Exercise brief.
The task calls for every line of the data to be repeated exactly.

Stored dataset items.
Content starts

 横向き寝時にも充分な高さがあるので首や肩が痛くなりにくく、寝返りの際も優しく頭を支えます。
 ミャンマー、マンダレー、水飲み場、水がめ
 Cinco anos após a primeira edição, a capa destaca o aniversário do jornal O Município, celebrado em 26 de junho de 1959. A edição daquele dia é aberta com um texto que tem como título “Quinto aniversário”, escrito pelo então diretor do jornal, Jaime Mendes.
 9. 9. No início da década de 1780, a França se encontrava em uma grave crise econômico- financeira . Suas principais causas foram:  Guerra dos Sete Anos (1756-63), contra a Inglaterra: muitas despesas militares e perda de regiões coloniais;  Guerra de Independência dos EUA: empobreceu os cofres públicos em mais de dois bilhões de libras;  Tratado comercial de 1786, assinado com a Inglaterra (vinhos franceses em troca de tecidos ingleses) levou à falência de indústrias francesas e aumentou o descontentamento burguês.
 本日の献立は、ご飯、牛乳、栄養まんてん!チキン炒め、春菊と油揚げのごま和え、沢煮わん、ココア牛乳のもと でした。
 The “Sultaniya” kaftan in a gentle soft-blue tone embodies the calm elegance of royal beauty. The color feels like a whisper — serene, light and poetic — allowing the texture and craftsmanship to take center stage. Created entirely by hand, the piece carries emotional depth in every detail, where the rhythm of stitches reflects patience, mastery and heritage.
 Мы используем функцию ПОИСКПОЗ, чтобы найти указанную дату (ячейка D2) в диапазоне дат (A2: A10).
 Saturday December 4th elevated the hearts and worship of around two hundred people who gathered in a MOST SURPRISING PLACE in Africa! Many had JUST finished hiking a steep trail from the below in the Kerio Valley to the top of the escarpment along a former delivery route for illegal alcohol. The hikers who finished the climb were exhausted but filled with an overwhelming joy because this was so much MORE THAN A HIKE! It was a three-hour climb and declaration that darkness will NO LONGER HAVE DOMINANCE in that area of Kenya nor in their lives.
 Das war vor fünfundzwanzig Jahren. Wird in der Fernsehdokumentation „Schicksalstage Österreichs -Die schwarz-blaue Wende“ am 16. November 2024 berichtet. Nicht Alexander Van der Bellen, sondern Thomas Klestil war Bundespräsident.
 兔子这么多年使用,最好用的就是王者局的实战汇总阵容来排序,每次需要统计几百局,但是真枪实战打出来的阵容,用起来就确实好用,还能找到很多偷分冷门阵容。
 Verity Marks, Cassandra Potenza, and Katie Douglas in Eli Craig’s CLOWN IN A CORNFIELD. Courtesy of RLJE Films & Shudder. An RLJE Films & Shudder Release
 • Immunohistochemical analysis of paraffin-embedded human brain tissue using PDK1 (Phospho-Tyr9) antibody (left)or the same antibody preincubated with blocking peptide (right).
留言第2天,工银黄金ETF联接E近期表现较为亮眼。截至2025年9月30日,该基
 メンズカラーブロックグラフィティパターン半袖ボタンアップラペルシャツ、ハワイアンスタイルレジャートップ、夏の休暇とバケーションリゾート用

Content ends

Completed task.
 横向き寝時にも充分な高さがあるので首や肩が痛くなりにくく、寝返りの際も優しく頭を支えます。
 ミャンマー、マンダレー、水飲み場、水がめ
 Cinco anos após a primeira edição, a capa destaca o aniversário do jornal O Município, celebrado em 26 de junho de 1959. A edição daquele dia é aberta com um texto que tem como título “Quinto aniversário”, escrito pelo então diretor do jornal, Jaime Mendes.
 9. 9. No início da década de 1780, a França se encontrava em uma grave crise econômico- financeira . Suas principais causas foram:  Guerra dos Sete Anos (1756-63), contra a Inglaterra: muitas despesas militares e perda de regiões coloniais;  Guerra de Independência dos EUA: empobreceu os cofres públicos em mais de dois bilhões de libras;  Tratado comercial de 1786, assinado com a Inglaterra (vinhos franceses em troca de tecidos ingleses) levou à falência de indústrias francesas e aumentou o descontentamento burguês.
 本日の献立は、ご飯、牛乳、栄養まんてん!チキン炒め、春菊と油揚げのごま和え、沢煮わん、ココア牛乳のもと でした。
 The “Sultaniya” kaftan in a gentle soft-blue tone embodies the calm elegance of royal beauty. The color feels like a whisper — serene, light and poetic — allowing the texture and craftsmanship to take center stage. Created entirely by hand, the piece carries emotional depth in every detail, where the rhythm of stitches reflects patience, mastery and heritage.
 Мы используем функцию ПОИСКПОЗ, чтобы найти указанную дату (ячейка D2) в диапазоне дат (A2: A10).
 Saturday December 4th elevated the hearts and worship of around two hundred people who gathered in a MOST SURPRISING PLACE in Africa! Many had JUST finished hiking a steep trail from the below in the Kerio Valley to the top of the escarpment along a former delivery route for illegal alcohol. The hikers who finished the climb were exhausted but filled with an overwhelming joy because this was so much MORE THAN A HIKE! It was a three-hour climb and declaration that darkness will NO LONGER HAVE DOMINANCE in that area of Kenya nor in their lives.
 Das war vor fünfundzwanzig Jahren. Wird in der Fernsehdokumentation „Schicksalstage Österreichs -Die schwarz-blaue Wende“ am 16. November 2024 berichtet. Nicht Alexander Van der Bellen, sondern Thomas Klestil war Bundespräsident.
 兔子这么多年使用,最好用的就是王者局的实战汇总阵容来排序,每次需要统计几百局,但是真枪实战打出来的阵容,用起来就确实好用,还能找到很多偷分冷门阵容。
 Verity Marks, Cassandra Potenza, and Katie Douglas in Eli Craig’s CLOWN IN A CORNFIELD. Courtesy of RLJE Films & Shudder. An RLJE Films & Shudder Release
 • Immunohistochemical analysis of paraffin-embedded human brain tissue using PDK1 (Phospho-Tyr9) antibody (left)or the same antibody preincubated with blocking peptide (right).
留言第2天,工银黄金ETF联接E近期表现较为亮眼。截至2025年9月30日,该基
 メンズカラーブロックグラフィティパターン半袖ボタンアップラペルシャツ、ハワイアンスタイルレジャートップ、夏の休暇とバケーションリゾート用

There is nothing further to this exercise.